We compare the fitting functions with the optimal weights in Figs. 1, 2 and 3.

Fig. 1
figure1

The values of function wc1 compared with the optimal weights

Fig. 2
figure2

The values of function wc2 compared with the optimal weights

Fig. 3
figure3

The values of function wc3 compared with the optimal weights

Figures 1, 2 and 3 show the comparison results of the three-dimensional interpolation of optimal weights and fitting functions. The red surface represents the optimal weights. The green, yellow, blue planes are fit surfaces of f1, f2 and f3. The correlation coefficient R of f1, f2 and f3 identified that the overall fitness of the function f1 is better than other two. The function f2 gradually deviates from optimal weights while we increase the value of w, and decrease the value of p. The function f3 is slightly coarser than the function f1 in general.

Discussion

Comparison with grid searching and function fitting

Using different gene expression datasets, we compared the optimal cost weights obtained from the grid searching strategy and fitted functions f1, f2 and f3. In Table 6, we compared the WCAs with four different datasets, namely, Ovarian, Prostate, Lung1 and Lung2. The majority over minority class proportion of the four datasets are 1.68, 2.5, 5 and 8 respectively. All WCAs are computed using ELM as the base classifier. We also compare the two approaches with ECSELM. The best fit datasets are listed in Table 6.

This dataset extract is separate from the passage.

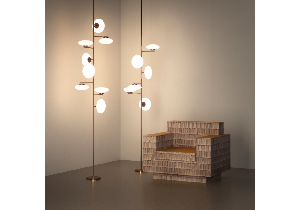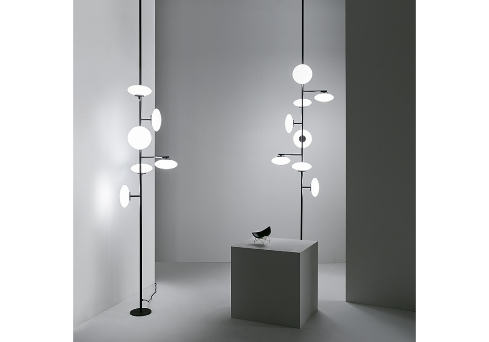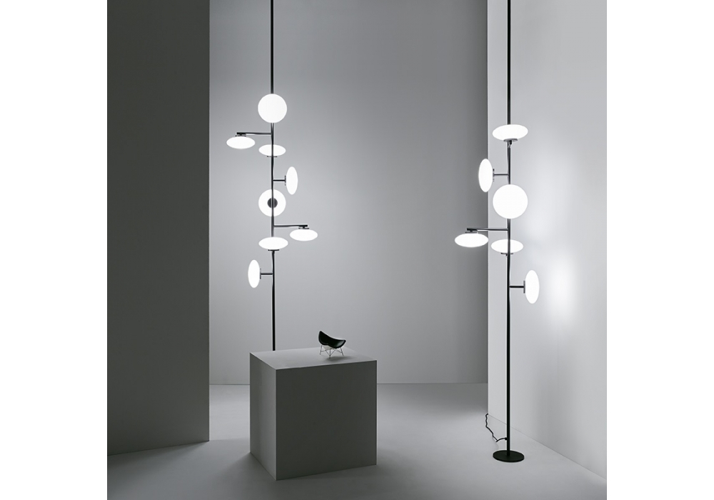 Mamì firmata da Umberto Asnago per Penta è una lampada da terra/soffitto estensibile con struttura in metallo grafite opaco o bronzo spazzolato. I diffusori di forma circolare sono in vetro soffiato bianco e schermano una sorgente luminosa di tipo LED dimmerabile. Mamì è disponibile in differenti dimensioni.

For each dataset, we plot the weight variance with different values of w. For different dataset, the fittest function (choice from f1, f2 and f3) might be different (Fig. 4).

Fig. 4
figure4

Cost weight comparison using Ovarian, Prostate, Lung1, Lung2 dataset (p = 1.68, 2.5, 5, 8)

Figure 4 shows that the more unbalanced the dataset is, the higher degree of fitness we can get; and the cost weights obtained from the fitting functions are closer to the optimal weights. In addition, the cost weights from function f1 and f3 are slightly superior to f2. We put all cost weights obtained by different methods in a three-dimensional picture and show the results in Fig. 5.

Fig. 5
figure5

Cost weight comparison in overall

For each dataset, we also illustrate the comparison of WCAs against different w values (Fig. 6). Besides, we compare WCAs of optimal weights and f1–3 with ECSELM [48].

Fig. 6
figure6

WCA comparison with Ovarian, Prostate, Lung1, Lung2 dataset (p = 1.68, 2.5, 5, 8)

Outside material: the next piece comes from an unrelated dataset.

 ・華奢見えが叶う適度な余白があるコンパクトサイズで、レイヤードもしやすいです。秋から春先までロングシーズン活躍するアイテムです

In Fig. 6, we can see that the WCAs of the three fitting functions are lower than the optimal accuracy when w is less than 0.5. The reason is that the fitting degree of the cost weights in this range is lower. Moreover, it can be seen from Fig. 6 that the WCAs of the fitting functions approach to the optimal accuracy with the increment of p. Furthermore, the WCAs of our approaches is better than ECSELM in most field. Compared with ECSELM, our methods are more stable, and meanwhile can guarantee high WCA. This proves the robustness of our strategy. Similar to the case of cost weights, we ensemble all WCAs obtained by different methods in a three-dimensional picture (Fig. 7). In summary, we find that the function f1 provides better classification performance than the other two functions in general; and the fitting function f3 and f2 have better performance while the valuable p is large (when p above 5).

Fig. 7
figure7

The WCA comparison in 3-dimension

Conclusions

In this paper, we have proposed two approaches to calculate the optimal cost weights for gene expression data. The two approaches include a grid searching strategy and a function fitting method. They enrich the ways of calculating the cost weights for imbalanced data classification problems. In general, the function fitting approach is more efficient than the grid searching strategy. The experimental results also show that the function fitting approach can accurate find the optimal cost weights for imbalanced gene expression datasets.

The limitation of this work is that, although the ELM classifier is tested, the stability of the function fitting method is not proven, especially for other significantly different datasets. The exploration of the proposed algorithm’s stability is left as future work.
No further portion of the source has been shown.